Six of the Best
The Gremlins, 1943
The Magic Finger, 1962
Danny the Champion of the World, 1975
Roald Dahl’s Book of Ghost Stories, 1983
Going Solo, 1986
Oxford Roald Dahl Dictionary, 2016
He displays a wide range of emotional situations, from circumstances that provoke soul-wracking grief to rib-tickling joy. His books are never boring, always emotionally accessible, and always sympathetic. To me he comes across as a man of great empathy and great human consciousness.
However his books are always light-hearted. Whether he is dealing with serious issues like death and injury, complex issues like war or just wants to entertain us with a giraffe and a pelly, you can rely on his writing to be cheerful. He draws you in, allows you to feel emotion and to engage with a serious issue, and then slowly releases you with a reflective and feel-good attitude. Dahl never goes too far, he wants you to be satisfied in reading his books, perhaps to take a lesson from them, but ultimately to walk away with lighter shoulders. This kind of author is rare and very skilled, and it’s probably why he was such a brilliant children’s writer!

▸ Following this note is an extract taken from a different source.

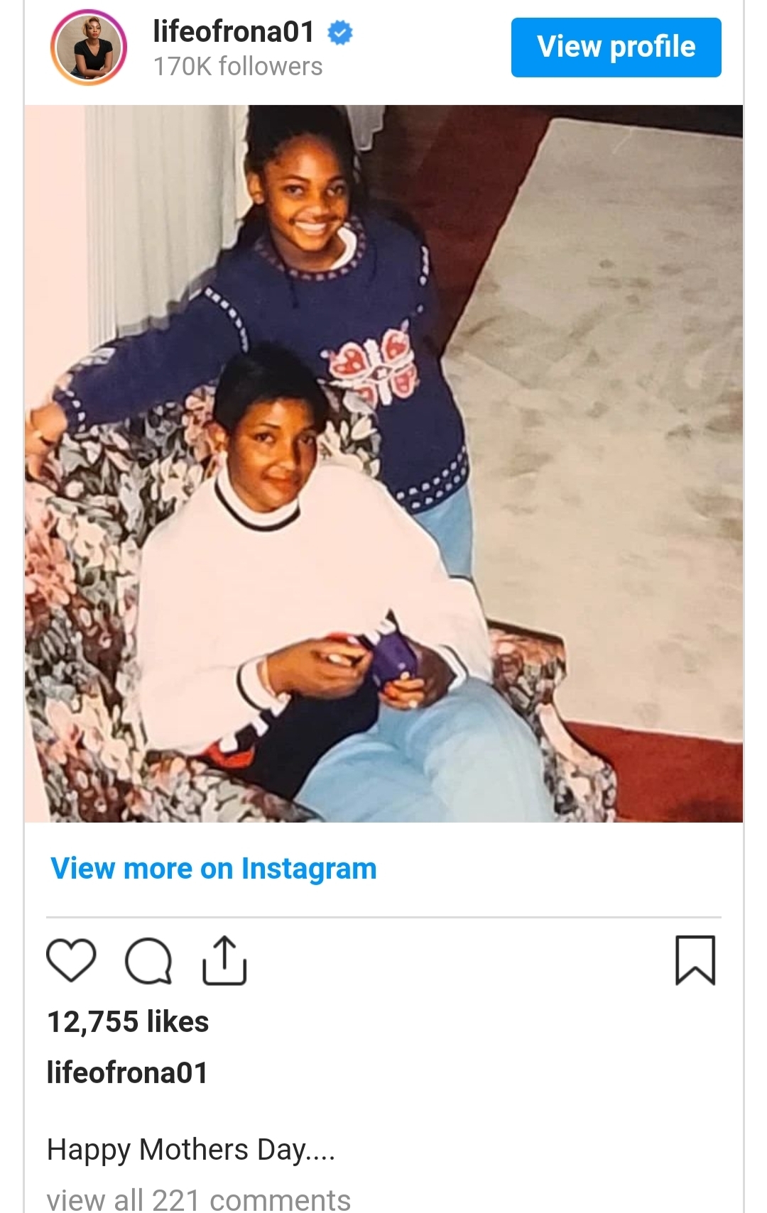 She also accompanied the picture with a short and simple caption, which sent a wish to her late mother on a special day when mothers are celebrated all over the world.

Dahl wrote for 50 years of the 20th century, his first publication was in 1942 and his last was published posthumously in 1991, he also wrote about his childhood/young adulthood from 1913-1940. As retrospective enthusiasts this offers us a wonderful insight into his perspective on the last century. He takes us on a journey from Edwardian beginnings (and Victorian throwbacks) to the politics and the turmoil of the 1930s and 1940s, and right on to some childhood adventures in the 1960s, 70s and 80s. Pick an era from the 1900s, and Dahl covered it somewhere and somehow.